# SSH et transfert de Port



## huexley (5 Septembre 2002)

hello, j ai un petit problème avec SSH que j ai beau retourner dans tout les sens sans trouver de solution.. alors je réclame un petit coupde main /ubbthreads/http://forums.macg.co/vbulletin/images/smiliesold/wink.gif

en fait je suis sur un Mac version X.2, je me connecte chez moi via SSH sans pb, maintenant je souhaiterais que mon mac distant ayant pour IP : 'A' me renvoi sur le port par exemple '32' les données que lui recoit sur le 5000 (je suis dérrière un firewall et je cherche des soluces /ubbthreads/http://forums.macg.co/vbulletin/images/smiliesold/wink.gif )

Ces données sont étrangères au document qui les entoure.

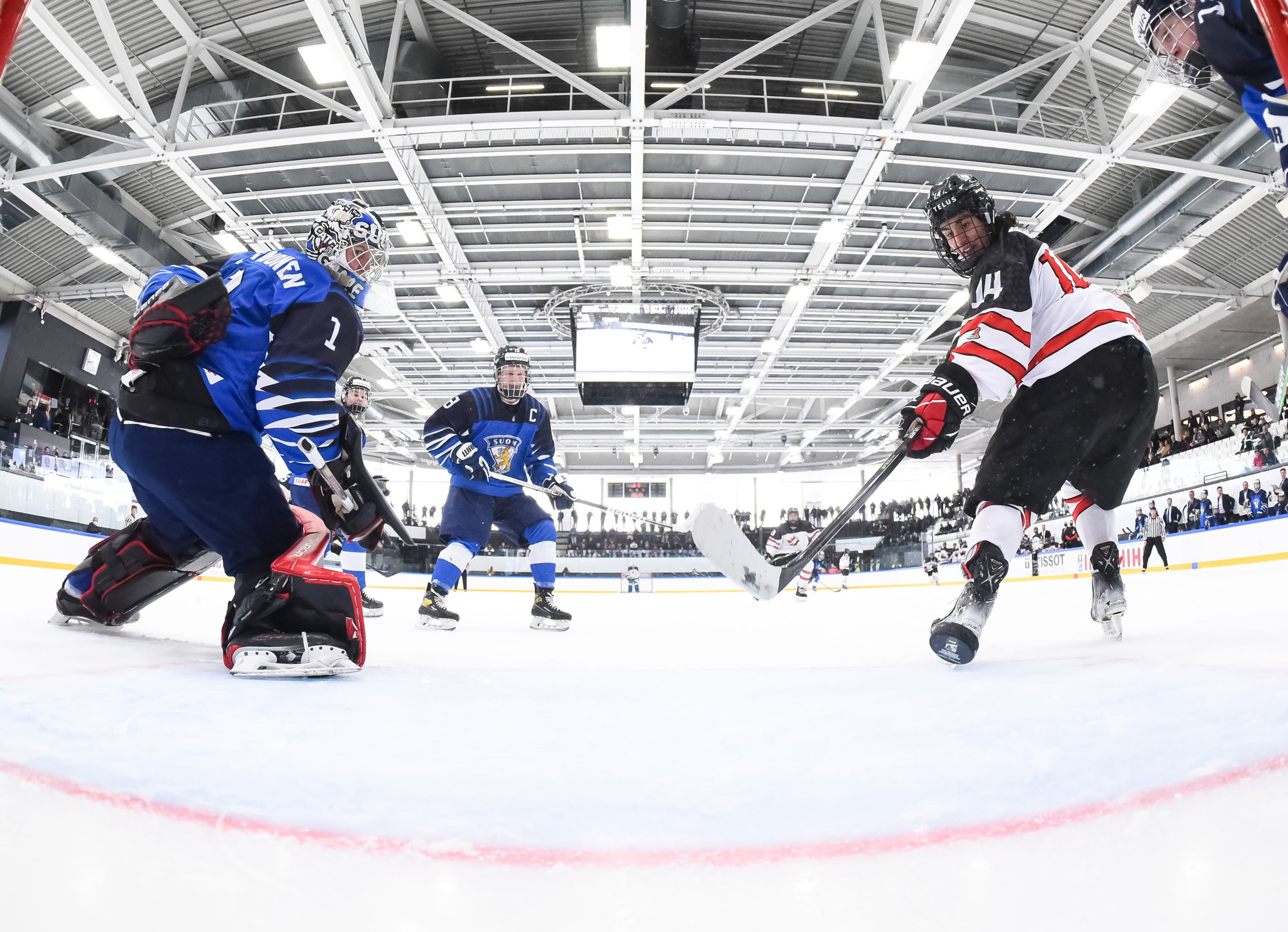 Canada continued to press and was rewarded again with good net presence. This time Spencer Sova’s shot was blocked in front, but it landed on the stick of Connor Hvidson who roofed a nice backhand over Leinonen for his first goal of the tournament, giving Canada a 2-1 lead.

donc je pensais que cela prendrais la forme :
[localhost:~] huexley% sudo ssh -R 27:xxx.xxx.xxx.xxx:5000

mais ca n'a pas l air de fonctionner.. et question idiote, comment savoir si cela fonctionne ?

merci merci


----------



## Membre supprimé 2 (6 Septembre 2002)

salut
cela fonctionne comme ca rapidement
ssh -R 81:machineB:80 machineA 

avec une telle ligne je creer une connection ssh avec la machine A (je suis sur la machine B) et j'ecoute le port 81 de cette meme machine A (distante) pour le renvoye sur le port de la machine B 

ce qui revient a mettre dispo sur la machine A port 81 le serveur web qui tourne sur la machine B (locale) (dans mon cas bien sur) . pour que ca marche rien ne doit utiliser le port 81 de la machine A avant et un service (serveur web dans mon cas) doit tourner sur le port 80 de la machine B

y a des explications dans le man ssh

si tu cherche a faire passer par ssh des trucs qui te sont interdit par ton firewall  faut pas faire comme ca mais dans l'autre  sens

exemple on te bloque l'irc et bien chez toi mais un proxy sock

apres fait un ssh -L (le -R a l'envers) en disant port exmple le port 3636 de machine est forwarder sur le port 1024 de ma machine chez moi (1024 etant le port du proxy)
apres ton client irc, tu lui dit d'utiliser le proxy socks de ta machine local se trouvant sur le port 3636 et hop tu chat en passant par chez toi a travers ton proxy (et en plus c'est cryptées de ton boulot a chez toi ;-) )

bon courage ;-)


----------



## huexley (6 Septembre 2002)

je vias essayer ca merci !! merci !!


----------